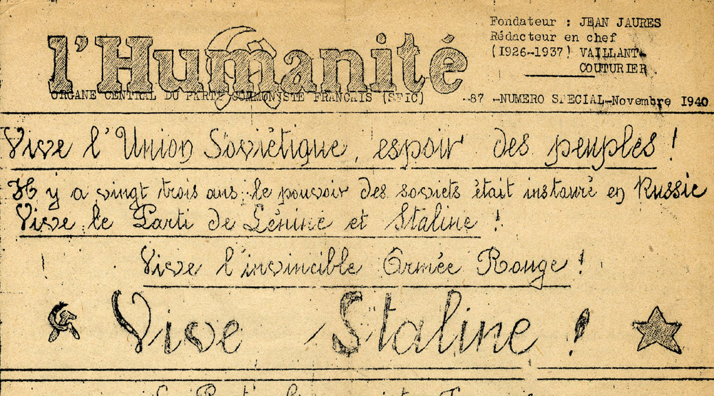 L’Humanité, organe du parti communiste français, est interdit de publication le 27 août 1939, avant même la défaite française car, fidèle à la ligne du parti, il avait donné son approbation au pacte germano-soviétique. Malgré de nombreuses négociations, il reste interdit sous l’Occupation, mais sort toujours, clandestinement. Son format est réduit. Il est composé à la machine à écrire, reproduit avec un système à stencils, et n’est distribué que localement, par des gens sûrs. Ce numéro de novembre 1940 ne s’attaque pas aux Allemands, ni à la guerre elle-même. Il déplore le sort des prisonniers politiques, mais se consacre surtout à vanter les splendeurs du paradis soviétique.
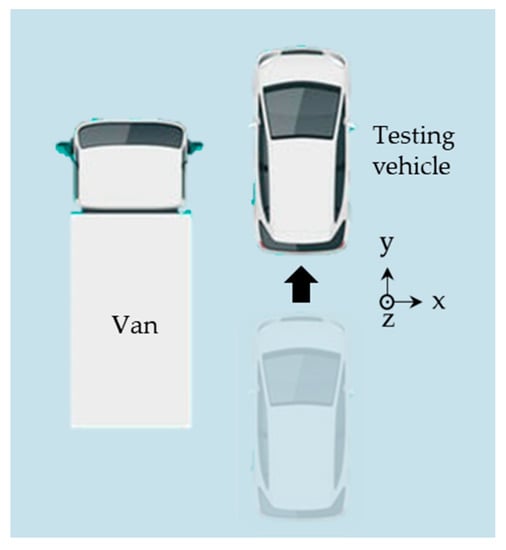- The testing vehicle stopped behind a car, and a van got closer and closer to it from the left-behind (shown in Figure 11a).
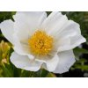 Pivoňka čínská 'Krinkled White' - jedna z nejlepších čínských pivoněk, s jednoduchým květenstvím. Kultivar 'Krinkled White' uvedl A. P. Brand v roce 1928 a patří mezi osvědčené jednoduchokvěté kultivary, oceněné také APS Award of Landscape Merit (2009). Rostlina vytváří vytrvalý, hustý trs přibližně 80–90 cm vysoký a 60–90 cm široký. Na jaře raší pevnými lodyhami, listy jsou hluboce dělené, sytě až středně zelené a zůstávají dekorativní do podzimu, kdy se často přibarvují. Na přelomu května a června se otevírají velké jednoduché květy 15–18 cm. Široké bílé plátky působí jako z krepového papíru a rámují nápadný chochol zlatožlutých tyčinek, díky nimž je střed dobře přístupný včelám i čmelákům. Vůně bývá jemně sladká, výraznější za teplého počasí. Pevné, vzpřímené stonky podporují využití jako květ k řezu a v kompozicích se kultivar přirozeně kombinuje s kosatci, šalvějemi, šantou, kakosty, okrasnými travinami i s růžemi v jemných tónech. Rostlina není jedlá.
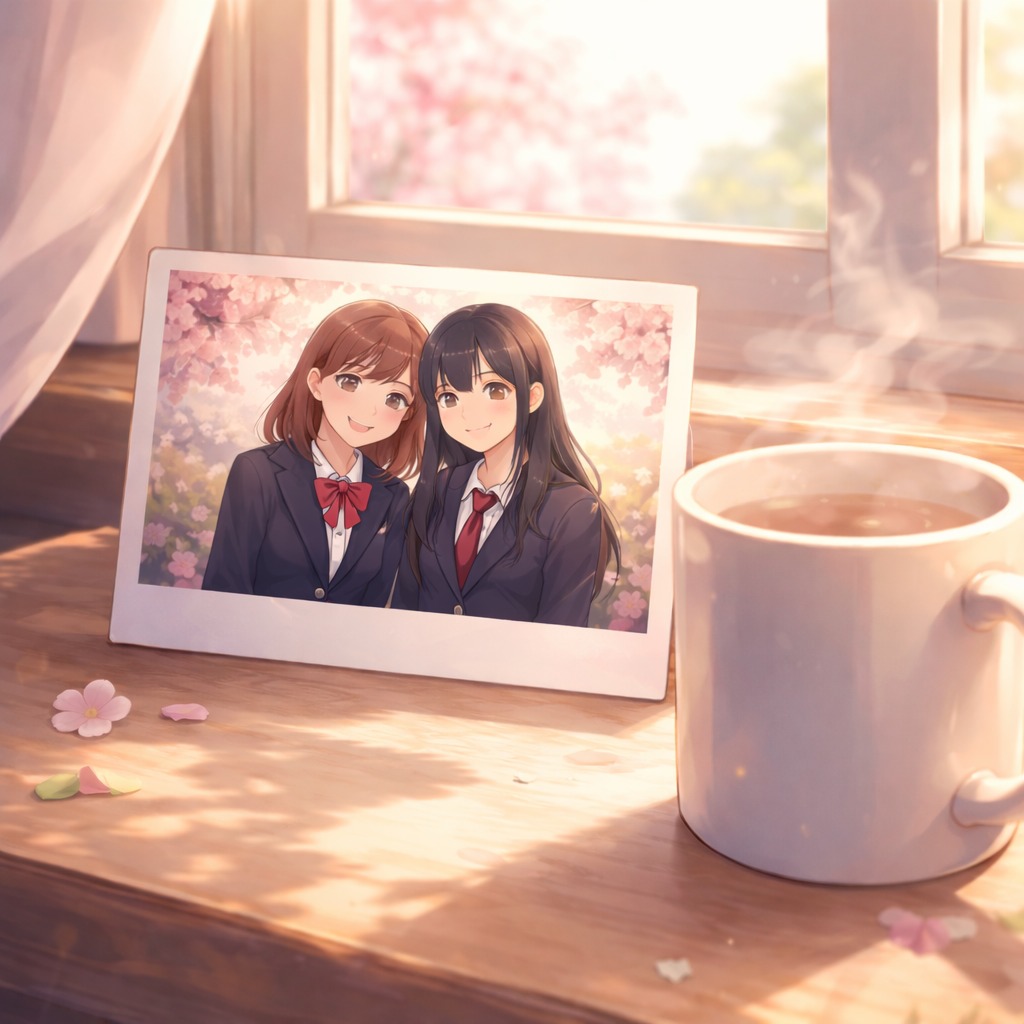 Create a bright and emotional J-pop rock song about two girls feeling the soft line between friendship and love, The music should be light, youthful, and gently exciting, like warm after-school sunlight, Use a fast tempo around 170 BPM in 4/4 with lively 8-beat rhythm, Major key, sweet but slightly bittersweet, Include clean electric guitars, mild overdrive, simple bass and drums, Add soft vocal harmonies in the chorus, The melody should be catchy and tender, showing shy affection and playful energy, Keep the mood dreamy, innocent, and heartwarming—like a sparkling pop-rock moment of quiet love discovery, female vocals
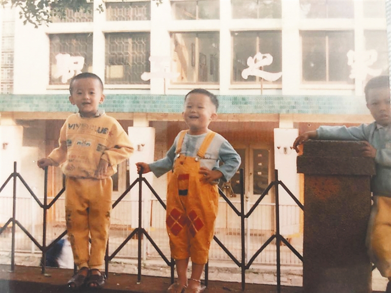 这张照片拍摄于1995年,身着黄色背带裤、长袖T恤,脚踩塑料凉鞋的便是照片的主人王禾禾,他是原琼山市龙塘糖厂的一名职工子弟,旁边的人是他的童年玩伴。
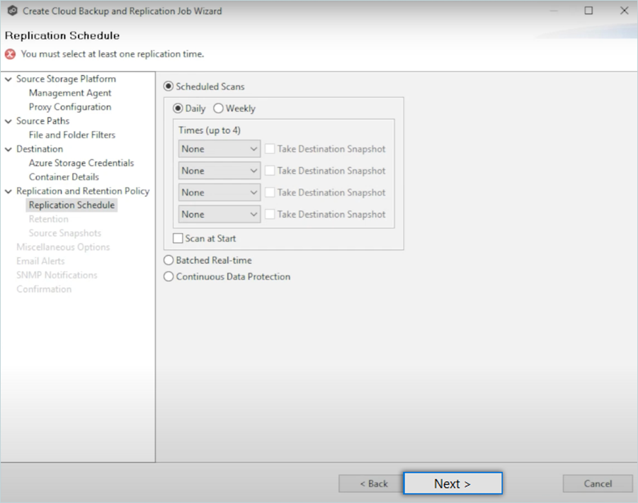 - On the Replication Schedule page, select the frequency of the replication. Click Next to continue.

* Problem requirements *
Where the material above includes pictures, omit them and retype everything else exactly.

* The completed task *
 L’Humanité, organe du parti communiste français, est interdit de publication le 27 août 1939, avant même la défaite française car, fidèle à la ligne du parti, il avait donné son approbation au pacte germano-soviétique. Malgré de nombreuses négociations, il reste interdit sous l’Occupation, mais sort toujours, clandestinement. Son format est réduit. Il est composé à la machine à écrire, reproduit avec un système à stencils, et n’est distribué que localement, par des gens sûrs. Ce numéro de novembre 1940 ne s’attaque pas aux Allemands, ni à la guerre elle-même. Il déplore le sort des prisonniers politiques, mais se consacre surtout à vanter les splendeurs du paradis soviétique.
- The testing vehicle stopped behind a car, and a van got closer and closer to it from the left-behind (shown in Figure 11a).
 Pivoňka čínská 'Krinkled White' - jedna z nejlepších čínských pivoněk, s jednoduchým květenstvím. Kultivar 'Krinkled White' uvedl A. P. Brand v roce 1928 a patří mezi osvědčené jednoduchokvěté kultivary, oceněné také APS Award of Landscape Merit (2009). Rostlina vytváří vytrvalý, hustý trs přibližně 80–90 cm vysoký a 60–90 cm široký. Na jaře raší pevnými lodyhami, listy jsou hluboce dělené, sytě až středně zelené a zůstávají dekorativní do podzimu, kdy se často přibarvují. Na přelomu května a června se otevírají velké jednoduché květy 15–18 cm. Široké bílé plátky působí jako z krepového papíru a rámují nápadný chochol zlatožlutých tyčinek, díky nimž je střed dobře přístupný včelám i čmelákům. Vůně bývá jemně sladká, výraznější za teplého počasí. Pevné, vzpřímené stonky podporují využití jako květ k řezu a v kompozicích se kultivar přirozeně kombinuje s kosatci, šalvějemi, šantou, kakosty, okrasnými travinami i s růžemi v jemných tónech. Rostlina není jedlá.
 Create a bright and emotional J-pop rock song about two girls feeling the soft line between friendship and love, The music should be light, youthful, and gently exciting, like warm after-school sunlight, Use a fast tempo around 170 BPM in 4/4 with lively 8-beat rhythm, Major key, sweet but slightly bittersweet, Include clean electric guitars, mild overdrive, simple bass and drums, Add soft vocal harmonies in the chorus, The melody should be catchy and tender, showing shy affection and playful energy, Keep the mood dreamy, innocent, and heartwarming—like a sparkling pop-rock moment of quiet love discovery, female vocals
 这张照片拍摄于1995年,身着黄色背带裤、长袖T恤,脚踩塑料凉鞋的便是照片的主人王禾禾,他是原琼山市龙塘糖厂的一名职工子弟,旁边的人是他的童年玩伴。
 - On the Replication Schedule page, select the frequency of the replication. Click Next to continue.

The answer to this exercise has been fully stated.